* About this task
Restate the lines word for word, from the first line of the records through the line containing "2. 2021 월급 실수령액 / 연봉 실수령액 표". Leave out the pictures and anything after that line.

* Extracted entries
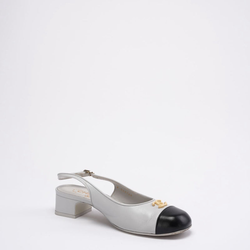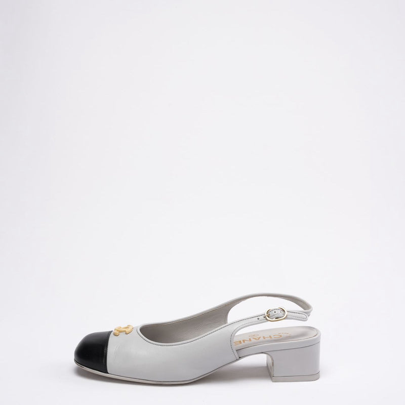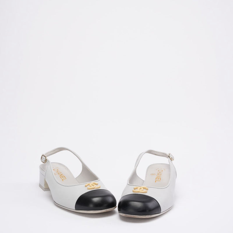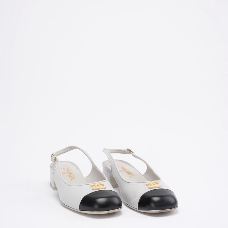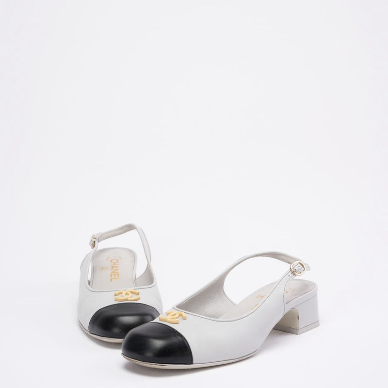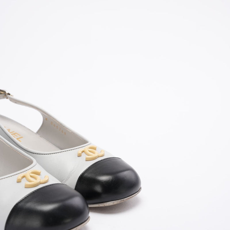 Chanel 25A CC Schwarze/Weiße Leder-Mule mit spitzer Zehenpartie, Größe 37
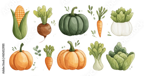 Colorful Vegetable Set on Transparent Background for Design Use
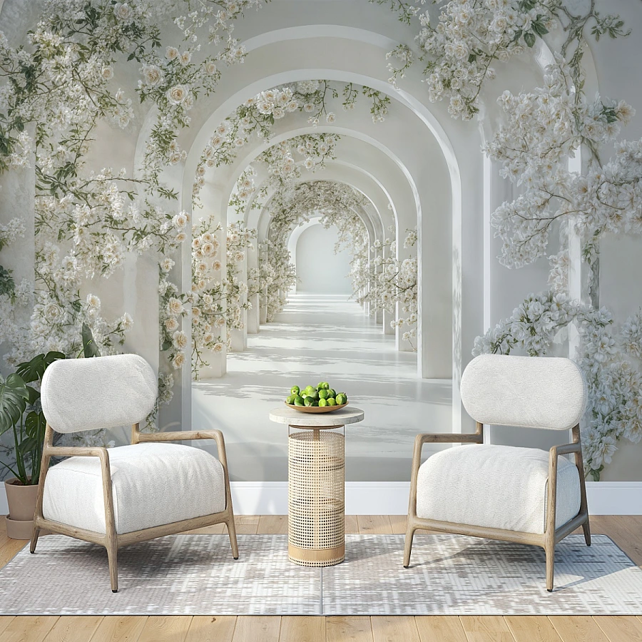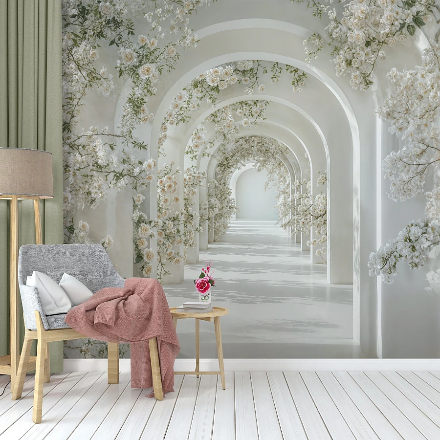 Tags: floral arch wall mural, garden corridor wallpaper, white floral wallpaper, 3d wall mural, elegant wall decor, modern mural design, luxury wallpaper
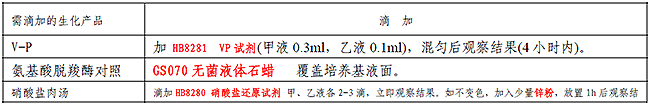 取一内盛2ml无菌水或无菌生理盐水试管,用接种针从营养琼脂平板上挑取单个菌落至无菌生理盐水中仔细研磨制成0.5麦氏浊度的均一细菌悬液,每孔加入100ul菌悬液。其中动力-硝酸盐采用穿剌接种,葡萄糖需加灭菌石蜡覆盖液面。
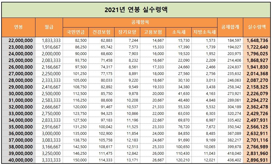 2. 2021 월급 실수령액 / 연봉 실수령액 표
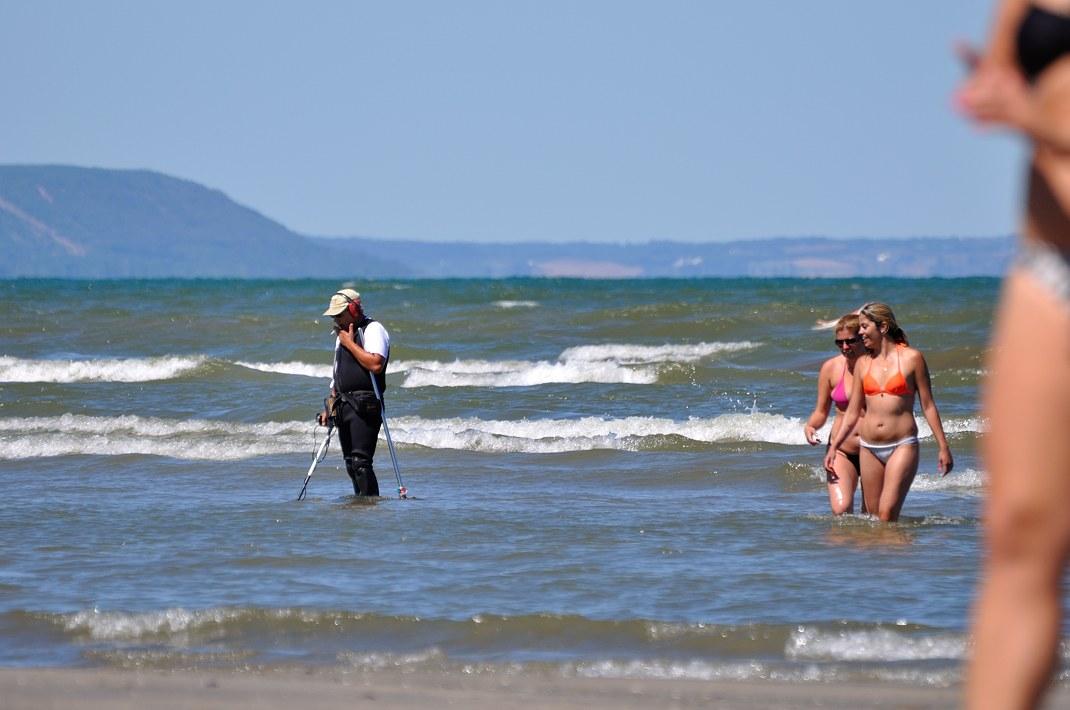 Совершенно непонятно, что можно искать с металлоискателем у самого берега.

* Result
 Chanel 25A CC Schwarze/Weiße Leder-Mule mit spitzer Zehenpartie, Größe 37
 Colorful Vegetable Set on Transparent Background for Design Use
 Tags: floral arch wall mural, garden corridor wallpaper, white floral wallpaper, 3d wall mural, elegant wall decor, modern mural design, luxury wallpaper
 取一内盛2ml无菌水或无菌生理盐水试管,用接种针从营养琼脂平板上挑取单个菌落至无菌生理盐水中仔细研磨制成0.5麦氏浊度的均一细菌悬液,每孔加入100ul菌悬液。其中动力-硝酸盐采用穿剌接种,葡萄糖需加灭菌石蜡覆盖液面。
 2. 2021 월급 실수령액 / 연봉 실수령액 표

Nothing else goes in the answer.